I've been noticing major performance changes in our instances and have no idea if it is related to Meltdown or something else.

Google released a blog post specifically on performance: https://blog.google/topics/google-cloud/protecting-our-googl...

It would be nice to have similar transparency from AWS.

bamboozled8y ago

Same, I feel it's irresponsible not to provide more details about this issue.

pathseeker8y ago

Google likely only wrote a blog post about it because they were able to find a way to brag that there was effectively no performance hit. They have never written any blog posts IIRC explaining bad/unpredictable performance on GCE

jacksmith210068y ago

Do they not deserve to brag about it? Heck they among others are who found the flaws as well as Broadpwn, Cloudbleed, Heartbleed among others and deserve credit for the work they have done, imo.

Think the constant ragging on Google that appears on HN is becoming a little too much.

plandis8y ago

It was Google who discovered the vulnerabilities in the first place. How long did they internally wait to give themselves and advantage before disclosing these? I'm honestly asking I don't know.

__bjoernd8y ago

That's still cool and worth bragging about.

forgot-my-pw8y ago

Amazon will probably earn more from autoscaling due to the slowdown.

rdtsc8y ago

That's one interesting aspect of these issues and mitigations is that performance really depends on the workload. Just because Google saw little performance impact on their servers, doesn't mean your application won't see. Or because someone said their CPU usage went up 2x doesn't mean it will go up for you.

On an unrelated note, kind of wish Meltdown had been discovered and exposed separately from Spectre. Intel has managed to weasel its way of out of taking responsibility by implying that this is not a bug and all the other CPUs have similar issues. If they had to respond to Meltdown only, it would have made it a bit harder for their PR and legal department to deny the security and performance implications.

boulos8y ago

Disclosure: I work on Google Cloud.

Just a nit, we said [1] that not only are our own applications in production doing fine (even against Variant 2) but also we haven’t been inundated with support calls over the last few months while mitigations were silently rolled out at the host kernel and hypervisor layer. So this class of “Hey, my instances are suddenly way slower, I didn’t do anything” isn’t happening on GCE.

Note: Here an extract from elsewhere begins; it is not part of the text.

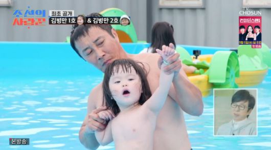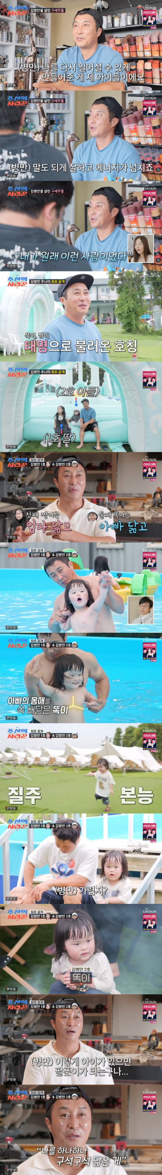김병만은 "짱이는 엄마, 똑이는 아빠 닮았다. 완전 군살이 없는 갈라진 근육 있지 않나. 똑이는 앞가슴에 근육 형태가 잡혀 있다"면서 "간호사가 '아기가 무슨 알통을 갖고 태어나냐'하더라"며 웃었다.

That does not mean that if you perform guest OS updates, don’t have PCID enabled, etc. that you won’t see a degradation. We certainly haven’t tried all permutations of all guests, and the kernel patches are still improving. That’s why we’re actively trying to get everyone to rally behind retpoline, KPTI (with PCID enabled), and so on.

[1] https://www.blog.google/topics/google-cloud/protecting-our-g...

rdtsc8y ago

> but also we haven’t been inundated with support calls over the last few months

Sorry, I didn't mean to imply that it was Google's customers specifically who should measure and be suspicious. I meant in general, say someone running a service on bare metal outside of any public cloud for example drawing this conclusion - "Google measured the impact of these bugs and mitigations and they didn't see any a significant performance regressions so I probably don't have to worry either".

Also (since you disclosed you work on GCP), I like how Google sponsored Project Zero. Fantastic work and I am sure it will be a great return on that investment. I can certainly see someone thinking about that when deciding to go with GCP vs other solution.

mrep8y ago

My team saw a 40% CPU usage increase on all of our EC2 instances and even our RDS instances. We were shocked since the media was downplaying the performance impact.

I tried to start a poll but it seems as though my team was just the unlucky one: https://news.ycombinator.com/item?id=16109036

javitury8y ago

> 40% CPU usage increase

When I read this I thought how weird. It is usually claimed that max performance drop is around 30%. Then I remembered that we are talking in ratios, so a 30% drop in performance(0.7) means a 42% increase in CPU usage(1/0.7=1.42).

schak8y ago

Hi,

How are you trying to measure the performance impact? Are you checking the cloudwatch data or running any specific test?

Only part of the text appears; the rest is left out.